Адель повернулась посмотреть на бабушку, расставлявшую чашки на столе, и тогда увидела его.
Майкл сидел на стуле в дальнем углу комнаты.
Адель охнула, закрыв рот рукой.
— Это невероятно! — воскликнула она. — Я даже не думала… — Она резко замолчала, оробев и почти испугавшись его вида.
Он был ужасно худой, кожа на его лице была покрыта шрамами и морщинами, и рядом с его стулом к стене была прислонена палка. Но он улыбался точно так же, как в тот день, когда они познакомились, его губы поднимались вверх в уголках, она никогда не могла устоять перед этой улыбкой, блеском белых зубов и перед этими глазами, синими, как небо.
— Майкл! О Боже мой, — пробормотала она, и у нее заколотилось сердце.
На короткое мгновение она не могла прийти в себя от шока. В последний раз она виделась с ним, когда нежно поцеловала его на прощанье на вокзале Чаринг-кросс после тех выходных в Лондоне. Она сохранила воспоминание о лихом молодом человеке в военной форме, с блестящими черными волосами и гладкой кожей, и шесть лет держала этот образ в памяти, спрятанный за слезами и сердечной болью. Но это был не тот Майкл, образ которого она хранила в своем сердце, это был худой незнакомец в гражданских фланелевых брюках, с коротко остриженными волосами и изуродованным шрамами лицом, и ей захотелось убежать и спрятаться.

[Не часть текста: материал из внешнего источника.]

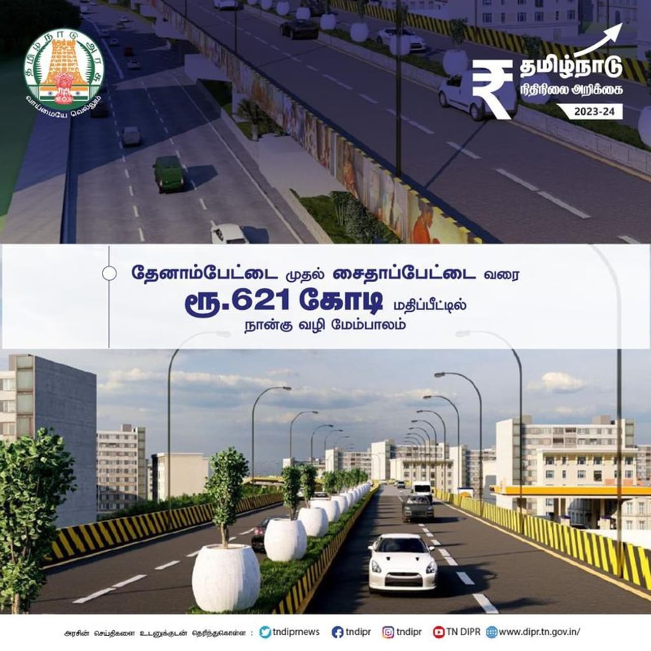 சென்னை தேனாம்பேட்டை முதல் சைதாப்பேட்டை வரை அண்ணா சாலையில் 4 வழி சாலையாக மேம்பாலம் கட்டப்படும். சர்வதேச நிபுணர்களின் கருத்துக்கள் பெறப்பட்டு, நவீன அம்சங்களுடன் இந்த மேம்பாலம் கட்டப்படும் என தமிழ்நாடு பட்ஜெட்டில் அறிவிக்கப்பட்டுள்ளது.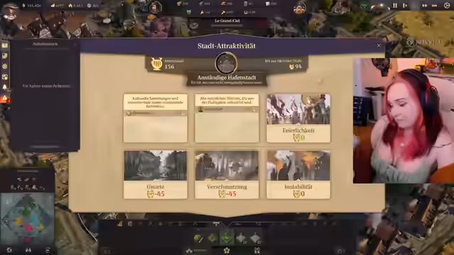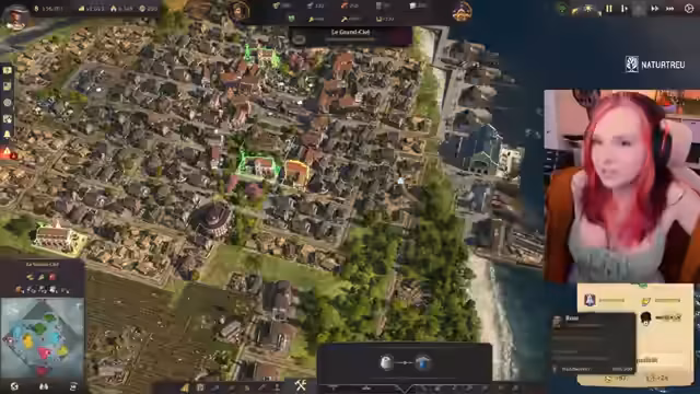 06:08:22Es wird überlegt, was ins Rathaus reingepackt werden kann. Es wird überlegt, ob ein Reparaturkran benötigt wird, da es den Schiffen gut geht. Es werden Nähmaschinen benötigt. Die Streamerin wartet auf die Rückkehr der Expedition und skippt die Zeit vorwärts. Es wird versucht, die Attraktivität der Insel zu steigern, indem Parks gebaut werden. Es wird überlegt, ein Zoo und ein Museum zu bauen, aber erst, wenn in der neuen Welt gesiedelt wurde. Die Expedition wird ausgeraubt. Es wird überlegt, ob ein Ententeich in die Stadt passt. Die Moral sinkt bei Ereignissen, damit die Reise irgendwann zu Ende kommt. Es werden weitere Ententeiche gebaut, aber die Ansehnlichkeit steigt nicht.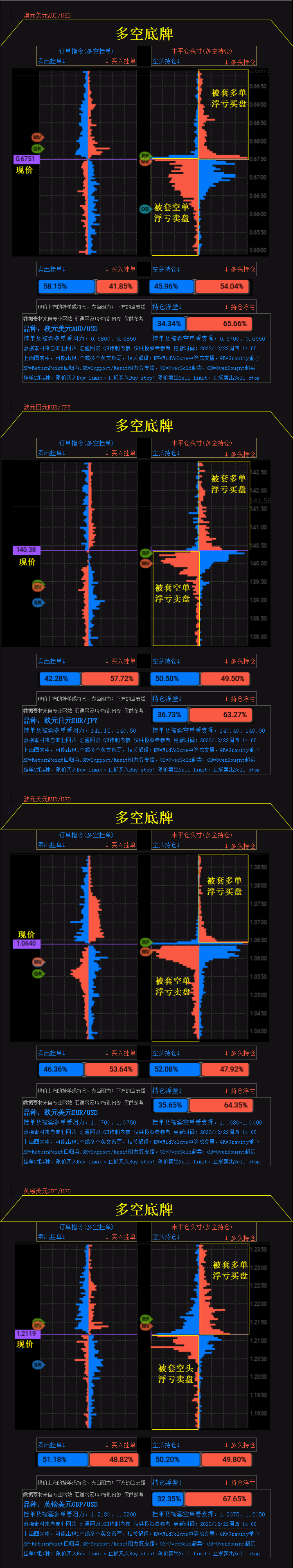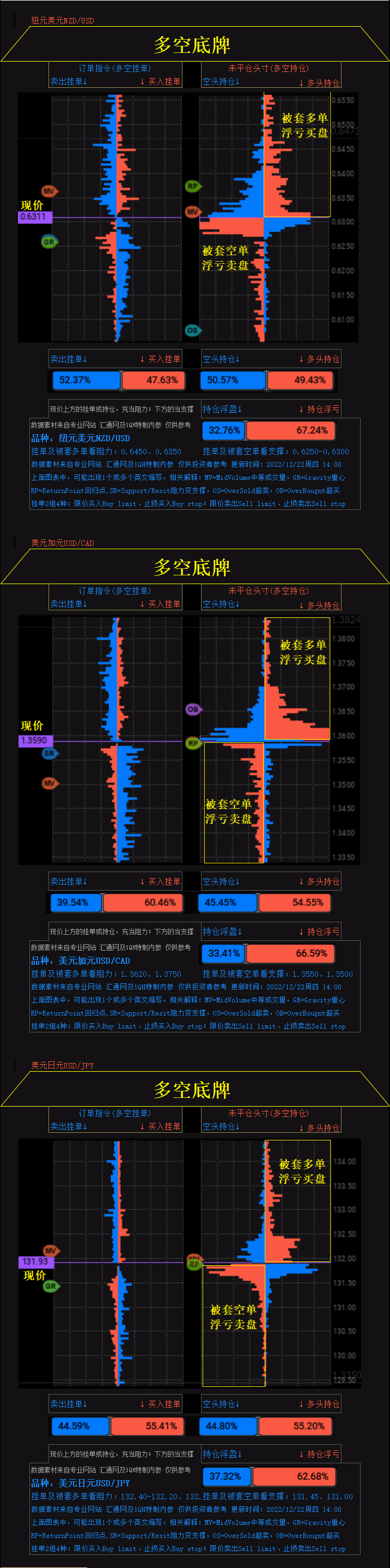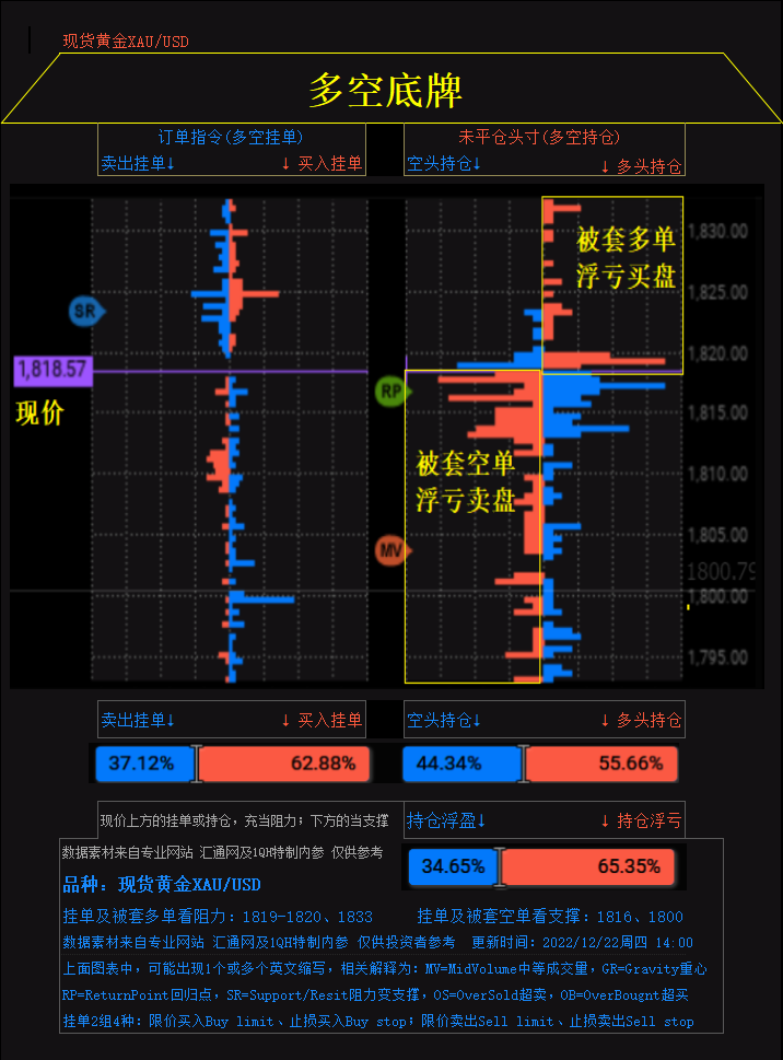 黄金、七大货币对的“多空底牌”一览(2022/12/22周四) Dec 22,2022 汇通财经APP讯——黄金、七大货币对的“多空底牌”一览(2022/12/22周四)。国际现货黄金挂单及被套多单看阻力:1819-1820、1833;挂单及被套空单看支撑:1816、1800。外汇货币对有:澳元美元、美元加元、美元日元、纽元美元、欧元美元、欧元日元、英镑美元。详见下图。本文数据素材来自专业网站,汇通网及1QH特制内参,仅供投资者参考。本文图表中,可能出现1个或多个英文缩写,相关解释为:MV=MidVolume中等成交量,GR=Gravity重心,RP=ReturnPoint回归点,SR=Support/Resit阻力变支撑,OS=OverSold超卖,OB=OverBougnt超买。挂单2组4种:限价买入Buy limit、止损买入Buy stop;限价卖出Sell limit、止损卖出Sell stop。

— Ты никогда не думала, что снова увидишь меня? Или никогда не думала, что я могу так измениться? — подсказал он ей, вопросительно подняв одну бровь.

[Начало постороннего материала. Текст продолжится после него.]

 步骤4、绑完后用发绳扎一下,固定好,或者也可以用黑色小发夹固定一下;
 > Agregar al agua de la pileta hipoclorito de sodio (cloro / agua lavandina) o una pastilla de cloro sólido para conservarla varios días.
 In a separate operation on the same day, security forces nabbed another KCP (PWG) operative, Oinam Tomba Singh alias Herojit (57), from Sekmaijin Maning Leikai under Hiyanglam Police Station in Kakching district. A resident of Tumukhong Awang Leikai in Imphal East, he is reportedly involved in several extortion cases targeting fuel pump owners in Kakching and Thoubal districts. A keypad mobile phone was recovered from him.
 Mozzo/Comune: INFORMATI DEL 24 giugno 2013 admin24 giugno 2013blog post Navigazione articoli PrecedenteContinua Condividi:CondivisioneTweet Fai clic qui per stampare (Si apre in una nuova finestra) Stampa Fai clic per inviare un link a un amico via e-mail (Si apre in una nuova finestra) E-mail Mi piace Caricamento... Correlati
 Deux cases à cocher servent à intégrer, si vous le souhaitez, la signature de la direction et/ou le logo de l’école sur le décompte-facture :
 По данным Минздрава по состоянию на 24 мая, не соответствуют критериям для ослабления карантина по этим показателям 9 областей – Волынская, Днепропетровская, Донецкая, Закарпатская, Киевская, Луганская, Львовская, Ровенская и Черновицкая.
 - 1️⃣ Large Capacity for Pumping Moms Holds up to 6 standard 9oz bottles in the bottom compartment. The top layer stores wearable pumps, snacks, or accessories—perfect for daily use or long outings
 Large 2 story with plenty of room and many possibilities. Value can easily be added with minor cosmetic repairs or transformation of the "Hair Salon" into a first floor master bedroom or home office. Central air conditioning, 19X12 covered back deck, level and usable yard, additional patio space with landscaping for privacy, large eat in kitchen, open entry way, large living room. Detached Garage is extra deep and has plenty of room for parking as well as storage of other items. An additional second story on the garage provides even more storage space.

От звука его голоса у нее пропало желание бежать. Голос был тот же самый, глубокий и низкий и такой непохожий ни на акцент в голосах кокни, который она слышала каждый день в больнице, ни на здешний сассекский провинциальный акцент.
— Я не знаю, что собиралась сказать, — сказала она и подошла к нему ближе. — Я просто не могу найти слов, потому что это так неожиданно. Как хорошо, что ты вернулся. Жаль, что я не знала, что ты придешь, у меня такой вид…
— Ты именно так и выглядела, когда я встретился с тобой впервые на болотах, — улыбнулся он. — Думаю, за шесть лет ты приобрела опыт, у тебя волосы зачесаны наверх, похоже, большинство женщин так носят волосы.
Адель вспыхнула. Она не заплела волосы с утра и даже не дала себе труда расчесать их. Наверное, они выглядели как стог сена.
— Чай готов, — сказала Хонор за их спиной. — Будешь пить там, Майкл, или за столом?
— Я поднимусь, — сказал Майкл и, упершись руками о подлокотники кресла, поднялся на ноги.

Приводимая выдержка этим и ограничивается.